My logstash version : 2.2.4 Operating system: Debian Jessie
I've search and ask in the discuss.elastic forum, in the elasticseach IRC chan, and no real solution. Do you thing it could be a bucket size matter
Thanks for the help.
Regards.
Upvotes: 3
Views: 3757
Reputation: 1376
This behaviour is controlled by the watch_for_new_files
parameter. In the default, true
, setting logstash will not process the existing files, and will wait for new files to arrive.
Example:
input {
s3
{
bucket => "the-bucket-name"
prefix => "the_path/ends_with_the_slash/"
interval => 30
region => "eu-west-1"
type => "elb_access_log"
watch_for_new_files => false
}
}
output {
stdout{}
}
Upvotes: 1
Reputation: 1908
This is what I'm doing to process about .5GiB (several hundred thousand) of files per day.

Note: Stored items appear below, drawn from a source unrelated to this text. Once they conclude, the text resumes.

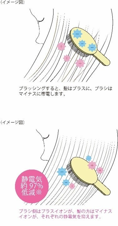 ※3 ●試験方法:ブラッシングにより静電気を発生させた毛束(人毛)に対 し、『BeauStage ELEGANJET』を使用する前後での静電気量の変化を測定。なお測定は3回実施。■試験結果:ブラッシング後の毛束の初期電圧が平均9.3kVだったのに対し、ドライヤー後の帯電圧は平均0.2kVと約97%低減されたことを確認。◆試験機関:新潟県工業技術総合研究所調べ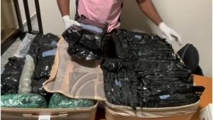 En presencia de un fiscal adjunto se procedió abrir el equipaje, encontrando en las maletas, la cantidad de 67 paquetes del vegetal envueltos en fundas de color negro, transparente y verde.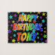 Este diseño de rompecabezas vibrante, divertido, con temática de cumpleaños, tiene el mensaje "FELIZ CUMPLEAÑOS, TONY" con los personajes con un coloreado patrón de gradiente inspirado en el espectro del arcoiris, además de un dinámico patrón de fondo de campo estrella. Un acertado rompecabezas como este podría ser usado para enviar deseos de cumpleaños a alguien llamado Tony. [~Z0000468]
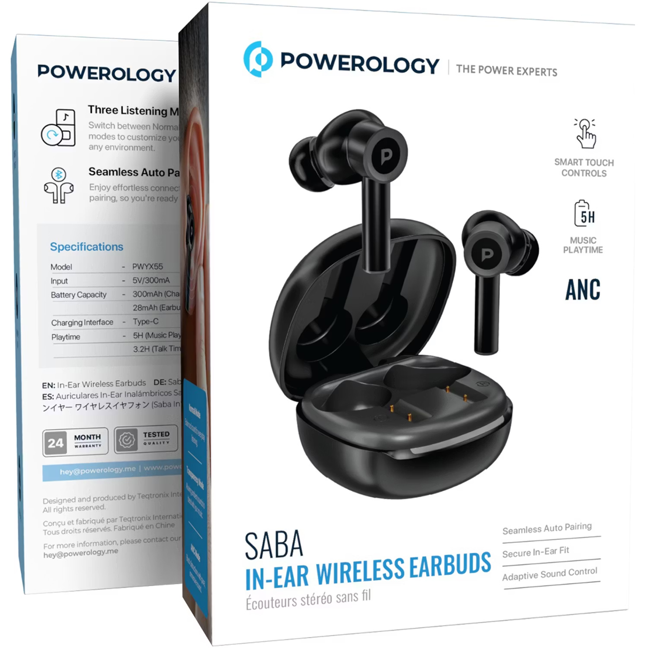 Powerology Saba PWYX55BK In-Ear Wireless Earbuds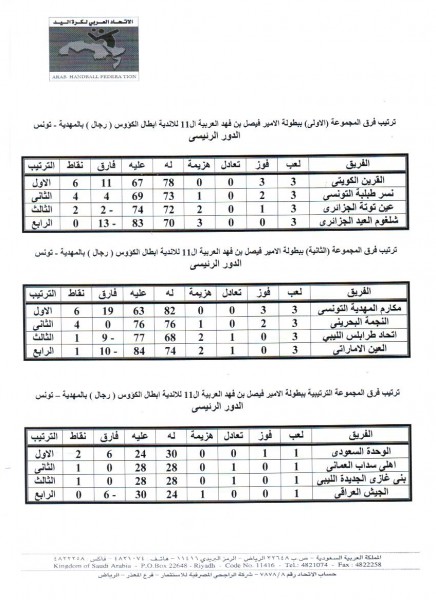 جدول النصف النهائى للبطولة العربية لكرة اليد بالمهدية للرجال والسيدات والترتيب والنتائج الرسمية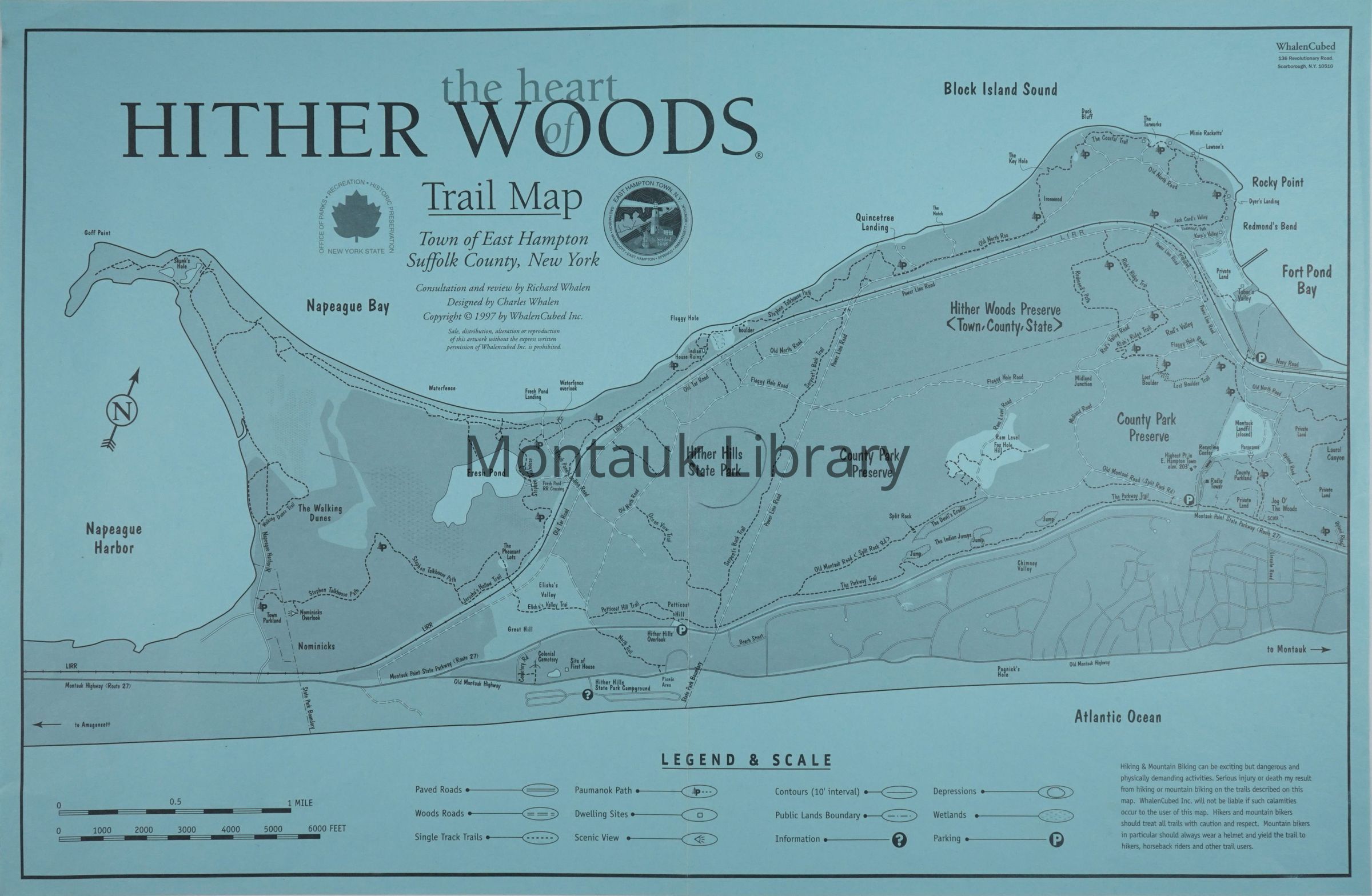 Trail map for the Hither Hills State Park, Hither Woods Preserve, and the County Park Preserve. The parklands are managed between Town, County, and State authorities .The map includes paved roads, woods roads, single track bike trails, dwelling sites, scenic views, wetlands, depressions, and parkings. Consultation and review by Richard Whalen, designed by Charles Whalen.Map Details

Logstash will pull all of the object names prior to doing any inserts so it will appear that the process is stuck if you have a huge amount of files in your bucket.
bucket => "BUCKET_NAME"
prefix => "logs/2017/09/01"
backup_add_prefix => "sent-to-logstash-"
backup_to_bucket => "BUCKET_NAME"
interval => 120
delete => true
I'm not certain how durable the process is against data loss between the bucket moves, but for logs which aren't mission critical, this process is highly efficient considering the amount of files being moved.